Every week at Movie Mezzanine, we pick some of the best films currently on Netflix Instant. Whether they are big releases or hidden gems, these movies make your subscription worth the price. Read on for this week’s picks.
…
With Gore Verbinski’s latest piece of live-action/CGI bloat justifiably floundering, it is comforting to know his best film is on Netflix to wash the bad taste of Tonto out of one’s mouth. As ultimately frivolous and outsized as the director’s other big-time work, Rango benefits from being fully animated. This permits Verbinski to indulge in his surreal tics to their fullest extent even as the results are more fluid than his mixes of live-action and gargantuan effects. But as silly as this referential Western is, it also boasts, strangely, his most human characters, as well as Johnny Depp’s most pleasing, nuanced performance in nearly a decade. With any luck, when people’s discuss Verbinski’s Western in the future, this is the film they will be talking about.
For those who managed this indie just before the end of last year, Starlet was an unexpected end-of-year discovery, and I’ve been eagerly awaiting it for months. The film concerns a friendship formed between a 21-year-old and an octogenarian linked to a sum of cash the young woman discovers in the older person’s sold thermos. This year’s surprising number of indies focused on older characters (This Is Martin Bonner, Museum Hours, even Before Midnight) has made the thought of Starlet even more appealing, and the promise of revelatory performances of Dree Hemingway and Besedka Johnson places it at the top of my queue.

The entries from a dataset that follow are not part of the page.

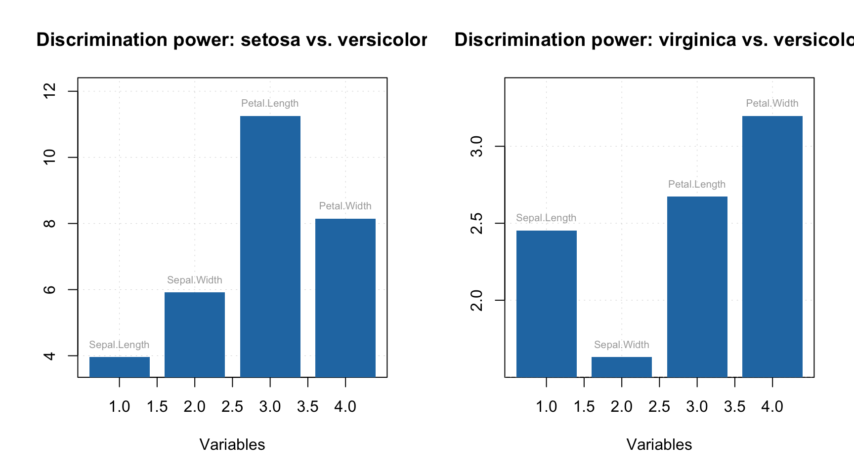 Several SIMCA models can be combined to a special object simcam, which is used to make a multiclass classification. Besides this, it also allows calculating distance between individual models and a discrimination power — importance of variables to discriminate between any two classes. Let’s see how it works.
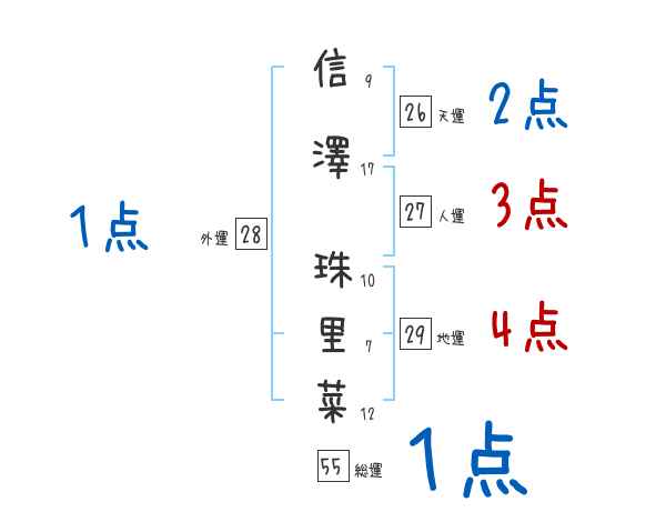 外運![]() | 信澤珠里菜さんの外運は28画の1つ星!家庭環境に注意。スポーツで活躍できる能力があるかも。 生活面を象徴する運勢です。外部から受ける影響力を表し、結婚運、家庭運や職場、環境への順応性を表します。 |
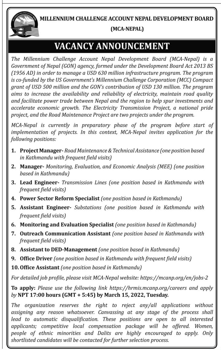 एमसिएले प्रोजेक्ट म्यानेजरदेखी अफिस एसिटेन्ससम्मका पदका लागि कर्मचारी मागेको छ । योग्यता पुगेका इच्छुक ब्यक्तिले चैत १ गते भित्र आवश्यक कागजात संकलन गरी एमसिएको बेवसाइट मार्फत आवेदन दिन सक्नेछन् ।
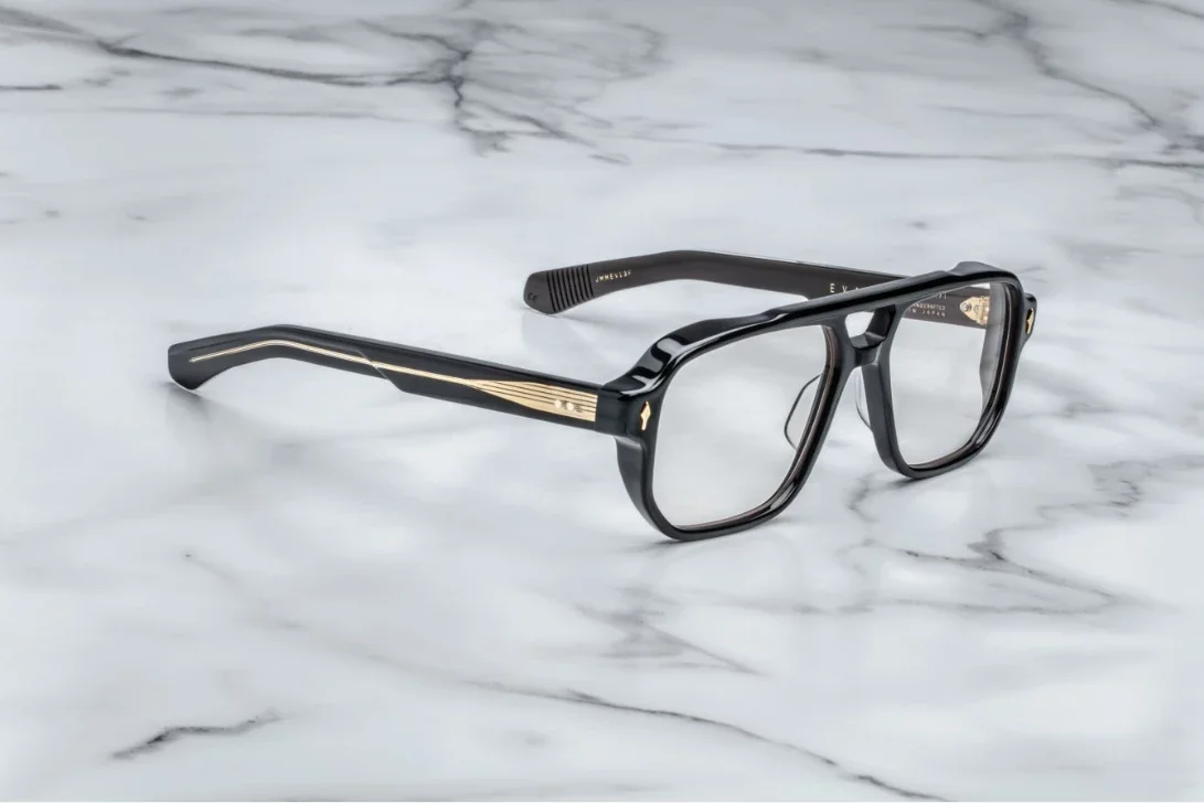 The Jacques Marie Mage Evans frame is a bold, character-driven design that draws inspiration from classic 1970s eyewear with a modern, sculptural twist. Defined by its confident square silhouette and generous acetate thickness, the Evans makes a strong visual statement while maintaining refined balance. Custom metal hardware, signature arrowhead pins, and finely polished finishes showcase JMM’s obsessive attention to detail and craftsmanship. With its expressive proportions and vintage-inflected attitude, the Evans frame projects creative confidence and unmistakable presence—ideal for those who favor eyewear that feels both iconic and unapologetically individual.

Strange Days (Kathryn Bigelow, 1995)
Strange Days’ appearance on Netflix is less a cause for celebration for those who’ve yet to see it than those who need to rewatch it to get their heads around it. This is especially true for this writer, who only ever saw it once in his teens on TV and has long needed to revisit it. Perhaps the best of the mid-’90s cyber movies (not that competition is stiff), Strange Days stands to have aged better than its peers for its reliance on spaces outside its VR constructions, thus freeing it from an overreliance on a technological future which already seems obsolete. Then again, I’m curious to see how those VR clips play now in the context of knowing about her early background in avant-garde art. — Jake Cole
One thought on “Netflix Instant Picks (7/12/13—7/18/13)”
Nice picks, Jake! Especially with Strange Days because I’m still of the opinion that it’s Bigelow’s best, and probably her most inspired. Then again, that’s just me.